◆ **Data for processing**
•••••
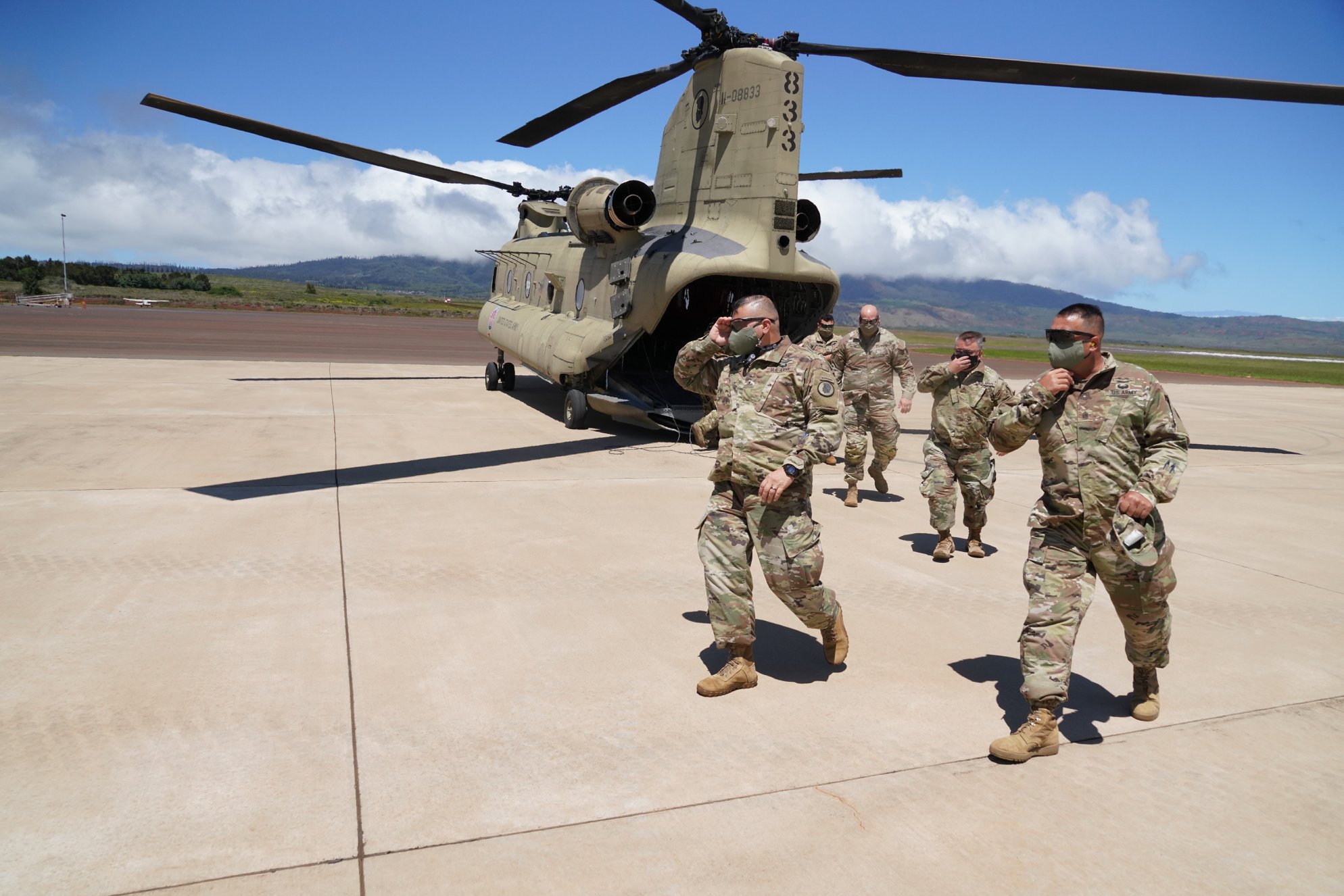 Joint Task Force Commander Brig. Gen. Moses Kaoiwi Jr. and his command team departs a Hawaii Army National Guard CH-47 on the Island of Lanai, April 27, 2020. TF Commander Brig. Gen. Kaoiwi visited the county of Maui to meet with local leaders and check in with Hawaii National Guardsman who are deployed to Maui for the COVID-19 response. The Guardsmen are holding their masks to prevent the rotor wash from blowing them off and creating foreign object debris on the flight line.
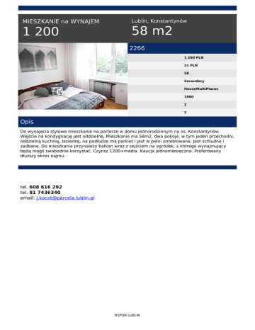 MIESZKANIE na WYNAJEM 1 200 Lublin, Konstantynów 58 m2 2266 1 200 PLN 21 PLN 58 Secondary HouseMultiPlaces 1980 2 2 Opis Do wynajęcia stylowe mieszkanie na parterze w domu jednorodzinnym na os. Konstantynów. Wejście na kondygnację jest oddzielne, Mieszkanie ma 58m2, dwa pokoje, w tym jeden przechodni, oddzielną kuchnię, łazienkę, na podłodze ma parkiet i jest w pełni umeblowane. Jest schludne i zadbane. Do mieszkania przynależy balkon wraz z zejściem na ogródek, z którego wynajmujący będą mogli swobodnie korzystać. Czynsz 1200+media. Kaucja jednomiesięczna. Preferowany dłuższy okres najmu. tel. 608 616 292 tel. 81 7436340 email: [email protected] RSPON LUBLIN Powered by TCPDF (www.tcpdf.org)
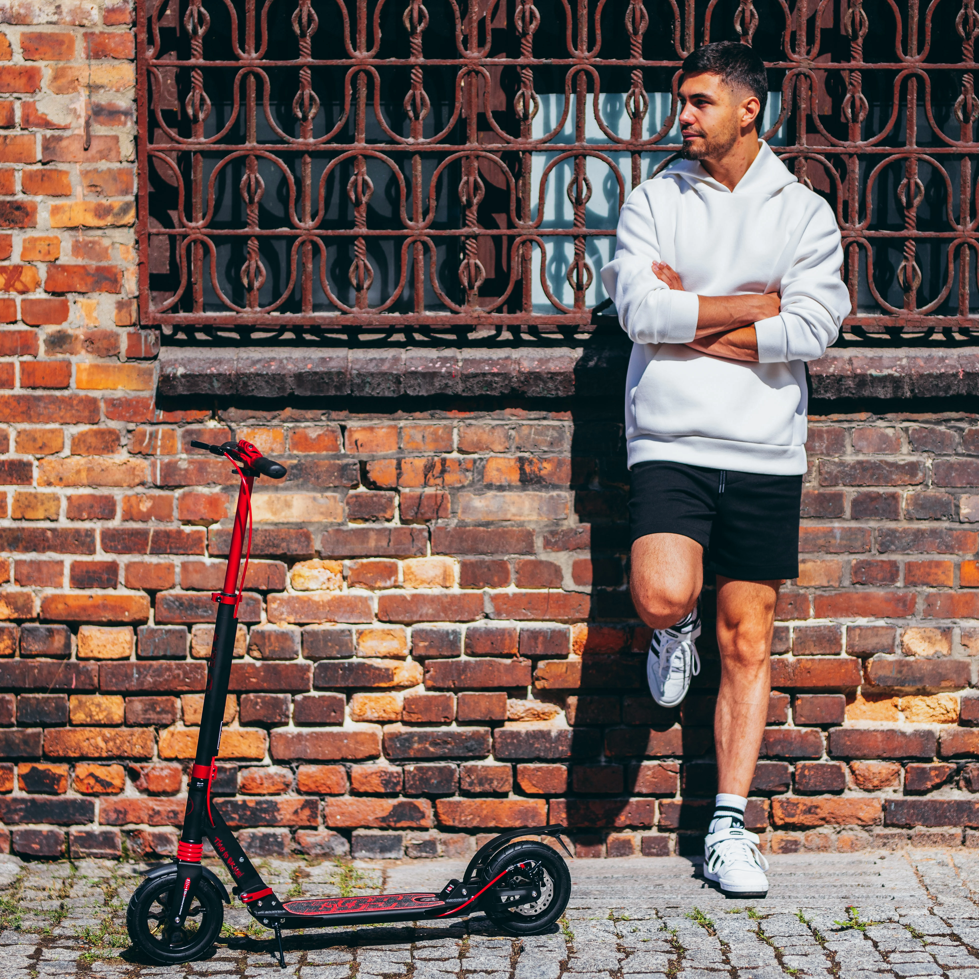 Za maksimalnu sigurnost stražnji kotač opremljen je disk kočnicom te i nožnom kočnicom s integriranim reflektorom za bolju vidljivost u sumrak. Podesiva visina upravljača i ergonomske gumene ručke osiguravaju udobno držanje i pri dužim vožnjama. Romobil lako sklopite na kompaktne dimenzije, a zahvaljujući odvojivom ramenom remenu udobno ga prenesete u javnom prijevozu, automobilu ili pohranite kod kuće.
•••••
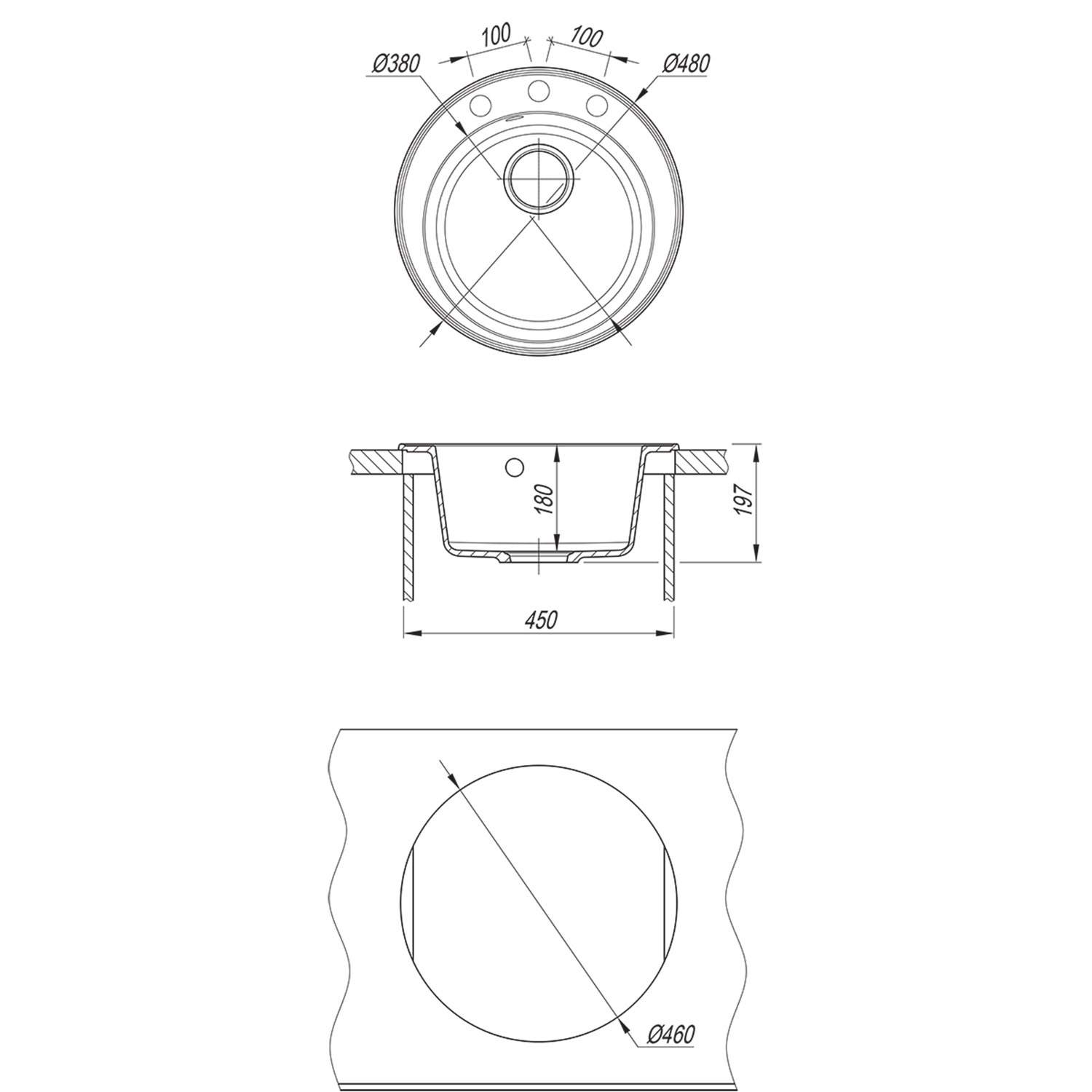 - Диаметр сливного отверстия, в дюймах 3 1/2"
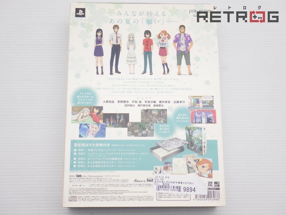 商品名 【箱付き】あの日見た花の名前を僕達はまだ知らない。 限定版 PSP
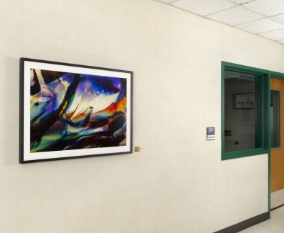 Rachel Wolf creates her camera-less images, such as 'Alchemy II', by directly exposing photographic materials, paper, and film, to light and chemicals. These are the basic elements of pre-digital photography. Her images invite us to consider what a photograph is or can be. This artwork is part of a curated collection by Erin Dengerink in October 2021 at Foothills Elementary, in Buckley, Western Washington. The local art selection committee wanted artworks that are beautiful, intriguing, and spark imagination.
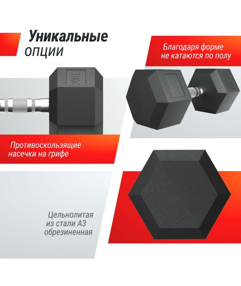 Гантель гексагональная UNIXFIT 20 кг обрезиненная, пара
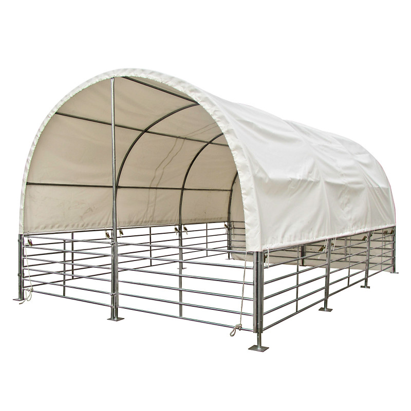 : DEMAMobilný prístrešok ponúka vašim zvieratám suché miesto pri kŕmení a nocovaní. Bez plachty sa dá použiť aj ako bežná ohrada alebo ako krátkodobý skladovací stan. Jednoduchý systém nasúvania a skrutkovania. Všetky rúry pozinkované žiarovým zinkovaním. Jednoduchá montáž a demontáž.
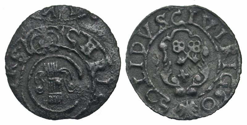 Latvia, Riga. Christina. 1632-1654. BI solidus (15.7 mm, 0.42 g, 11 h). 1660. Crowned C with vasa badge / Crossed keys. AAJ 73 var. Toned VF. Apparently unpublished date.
•••••
◆ **Task to complete**
Reproduce the data above exactly, but only from the line containing "montáž a demontáž." through the line containing "Latvia, Riga. Christina."; skip the pictures.

◆ **Result for this exercise**
 : DEMAMobilný prístrešok ponúka vašim zvieratám suché miesto pri kŕmení a nocovaní. Bez plachty sa dá použiť aj ako bežná ohrada alebo ako krátkodobý skladovací stan. Jednoduchý systém nasúvania a skrutkovania. Všetky rúry pozinkované žiarovým zinkovaním. Jednoduchá montáž a demontáž.
 Latvia, Riga. Christina. 1632-1654. BI solidus (15.7 mm, 0.42 g, 11 h). 1660. Crowned C with vasa badge / Crossed keys. AAJ 73 var. Toned VF. Apparently unpublished date.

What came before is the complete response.